**MATERIAL SUPPLIED:**
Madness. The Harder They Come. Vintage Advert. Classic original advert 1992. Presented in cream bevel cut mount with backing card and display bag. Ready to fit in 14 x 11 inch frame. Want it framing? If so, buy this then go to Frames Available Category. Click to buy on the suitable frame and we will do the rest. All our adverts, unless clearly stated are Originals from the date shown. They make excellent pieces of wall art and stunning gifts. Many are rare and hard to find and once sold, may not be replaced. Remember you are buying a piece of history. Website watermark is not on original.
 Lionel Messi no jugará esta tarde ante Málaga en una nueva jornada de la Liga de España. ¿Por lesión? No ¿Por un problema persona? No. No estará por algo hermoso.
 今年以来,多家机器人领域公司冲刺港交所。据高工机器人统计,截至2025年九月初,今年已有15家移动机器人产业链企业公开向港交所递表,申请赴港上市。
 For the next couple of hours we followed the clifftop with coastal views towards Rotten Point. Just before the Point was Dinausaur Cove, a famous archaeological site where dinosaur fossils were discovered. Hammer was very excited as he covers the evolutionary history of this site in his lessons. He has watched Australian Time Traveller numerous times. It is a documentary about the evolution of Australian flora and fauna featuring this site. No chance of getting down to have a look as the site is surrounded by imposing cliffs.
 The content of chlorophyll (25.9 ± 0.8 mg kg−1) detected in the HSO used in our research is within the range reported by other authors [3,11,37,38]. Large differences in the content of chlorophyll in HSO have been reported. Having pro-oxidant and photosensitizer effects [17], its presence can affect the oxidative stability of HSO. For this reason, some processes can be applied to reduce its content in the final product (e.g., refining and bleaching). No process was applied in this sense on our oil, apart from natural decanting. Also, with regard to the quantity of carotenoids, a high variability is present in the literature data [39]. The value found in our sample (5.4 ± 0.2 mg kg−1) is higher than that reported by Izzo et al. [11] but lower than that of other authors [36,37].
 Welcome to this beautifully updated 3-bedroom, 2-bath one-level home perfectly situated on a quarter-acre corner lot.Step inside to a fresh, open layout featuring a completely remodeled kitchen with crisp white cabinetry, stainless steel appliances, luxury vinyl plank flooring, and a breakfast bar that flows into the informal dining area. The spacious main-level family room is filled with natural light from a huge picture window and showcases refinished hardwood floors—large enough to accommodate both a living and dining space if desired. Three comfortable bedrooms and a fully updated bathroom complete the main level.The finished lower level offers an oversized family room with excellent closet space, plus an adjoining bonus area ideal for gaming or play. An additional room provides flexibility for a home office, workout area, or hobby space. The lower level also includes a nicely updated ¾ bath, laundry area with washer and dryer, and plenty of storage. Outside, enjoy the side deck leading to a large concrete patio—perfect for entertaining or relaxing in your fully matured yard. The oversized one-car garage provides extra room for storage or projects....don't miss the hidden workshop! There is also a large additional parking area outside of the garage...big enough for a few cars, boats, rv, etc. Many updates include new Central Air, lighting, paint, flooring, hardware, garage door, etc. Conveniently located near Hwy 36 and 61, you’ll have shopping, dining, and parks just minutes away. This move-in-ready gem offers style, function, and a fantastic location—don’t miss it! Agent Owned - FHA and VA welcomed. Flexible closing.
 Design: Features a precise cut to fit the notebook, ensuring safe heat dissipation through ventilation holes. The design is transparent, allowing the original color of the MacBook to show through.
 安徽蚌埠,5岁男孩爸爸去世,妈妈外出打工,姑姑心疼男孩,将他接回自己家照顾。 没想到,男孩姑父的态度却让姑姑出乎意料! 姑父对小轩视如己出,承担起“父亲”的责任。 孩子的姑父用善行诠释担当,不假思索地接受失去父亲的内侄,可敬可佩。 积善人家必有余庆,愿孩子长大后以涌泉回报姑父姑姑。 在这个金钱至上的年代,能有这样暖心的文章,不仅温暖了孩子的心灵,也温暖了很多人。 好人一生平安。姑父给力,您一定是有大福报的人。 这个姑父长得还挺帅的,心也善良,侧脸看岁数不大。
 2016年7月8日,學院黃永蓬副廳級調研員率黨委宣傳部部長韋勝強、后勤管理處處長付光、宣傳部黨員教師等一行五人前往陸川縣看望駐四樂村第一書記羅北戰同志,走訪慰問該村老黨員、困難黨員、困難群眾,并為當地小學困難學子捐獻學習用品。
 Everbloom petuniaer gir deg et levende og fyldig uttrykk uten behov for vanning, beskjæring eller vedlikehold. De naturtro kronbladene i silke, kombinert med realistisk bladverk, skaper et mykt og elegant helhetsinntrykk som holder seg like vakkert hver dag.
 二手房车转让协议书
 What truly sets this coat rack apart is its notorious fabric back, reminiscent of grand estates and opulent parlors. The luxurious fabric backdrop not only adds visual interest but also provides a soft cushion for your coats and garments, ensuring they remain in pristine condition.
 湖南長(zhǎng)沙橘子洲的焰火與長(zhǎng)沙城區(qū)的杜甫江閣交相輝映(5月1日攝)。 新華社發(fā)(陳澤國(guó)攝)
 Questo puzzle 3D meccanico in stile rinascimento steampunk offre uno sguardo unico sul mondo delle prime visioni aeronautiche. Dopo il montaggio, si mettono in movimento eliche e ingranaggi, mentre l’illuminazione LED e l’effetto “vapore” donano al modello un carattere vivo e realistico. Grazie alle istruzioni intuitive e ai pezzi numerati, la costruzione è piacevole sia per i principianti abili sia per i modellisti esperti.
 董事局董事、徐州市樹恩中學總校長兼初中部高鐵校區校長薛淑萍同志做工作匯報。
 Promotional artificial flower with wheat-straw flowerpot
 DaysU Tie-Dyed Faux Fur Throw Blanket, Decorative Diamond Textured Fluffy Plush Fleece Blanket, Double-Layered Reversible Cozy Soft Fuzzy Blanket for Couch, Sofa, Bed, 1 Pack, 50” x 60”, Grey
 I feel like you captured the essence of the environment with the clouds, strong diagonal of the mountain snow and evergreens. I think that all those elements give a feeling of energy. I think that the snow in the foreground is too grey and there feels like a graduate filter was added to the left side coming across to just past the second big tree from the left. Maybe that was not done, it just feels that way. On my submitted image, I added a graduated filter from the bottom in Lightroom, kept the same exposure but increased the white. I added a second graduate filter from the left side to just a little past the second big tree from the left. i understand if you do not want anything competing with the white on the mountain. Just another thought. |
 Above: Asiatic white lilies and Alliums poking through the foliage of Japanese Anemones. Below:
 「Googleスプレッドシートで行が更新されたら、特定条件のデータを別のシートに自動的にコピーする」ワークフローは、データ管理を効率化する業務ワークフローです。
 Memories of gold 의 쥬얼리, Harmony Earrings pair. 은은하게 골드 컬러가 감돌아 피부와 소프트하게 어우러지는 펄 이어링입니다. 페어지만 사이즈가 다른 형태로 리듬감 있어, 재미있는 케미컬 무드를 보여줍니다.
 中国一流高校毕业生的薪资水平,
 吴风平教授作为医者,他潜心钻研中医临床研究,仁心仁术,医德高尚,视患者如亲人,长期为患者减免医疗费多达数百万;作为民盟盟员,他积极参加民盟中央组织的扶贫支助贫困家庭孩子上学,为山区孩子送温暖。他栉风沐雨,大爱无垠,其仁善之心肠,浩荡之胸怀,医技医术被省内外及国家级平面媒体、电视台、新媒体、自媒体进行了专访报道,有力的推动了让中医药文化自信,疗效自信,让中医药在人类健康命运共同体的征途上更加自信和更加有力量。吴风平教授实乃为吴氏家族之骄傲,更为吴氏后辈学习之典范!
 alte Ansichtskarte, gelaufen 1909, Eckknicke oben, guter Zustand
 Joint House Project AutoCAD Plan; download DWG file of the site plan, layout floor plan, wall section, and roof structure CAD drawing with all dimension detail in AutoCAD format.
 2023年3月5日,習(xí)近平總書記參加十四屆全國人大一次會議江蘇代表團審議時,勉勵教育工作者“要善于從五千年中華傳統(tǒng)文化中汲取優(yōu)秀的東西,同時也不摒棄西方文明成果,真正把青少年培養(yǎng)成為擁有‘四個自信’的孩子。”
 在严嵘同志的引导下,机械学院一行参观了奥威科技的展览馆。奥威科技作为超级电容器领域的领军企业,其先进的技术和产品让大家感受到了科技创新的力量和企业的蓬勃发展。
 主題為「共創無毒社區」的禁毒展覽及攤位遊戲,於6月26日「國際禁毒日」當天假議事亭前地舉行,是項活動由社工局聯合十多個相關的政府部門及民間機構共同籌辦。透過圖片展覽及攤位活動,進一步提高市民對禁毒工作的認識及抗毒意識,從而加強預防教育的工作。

**EXERCISE DIRECTIONS:** The required output is the stretch of entries above from the line containing "董事局董事、徐州市樹恩中學總校長兼初中部高鐵校區校長薛淑萍同志做工作匯報。" through the line containing "DaysU Tie-Dyed Faux", reproduced exactly.

**RESPONSE BELOW:**
 董事局董事、徐州市樹恩中學總校長兼初中部高鐵校區校長薛淑萍同志做工作匯報。
 Promotional artificial flower with wheat-straw flowerpot
 DaysU Tie-Dyed Faux Fur Throw Blanket, Decorative Diamond Textured Fluffy Plush Fleece Blanket, Double-Layered Reversible Cozy Soft Fuzzy Blanket for Couch, Sofa, Bed, 1 Pack, 50” x 60”, Grey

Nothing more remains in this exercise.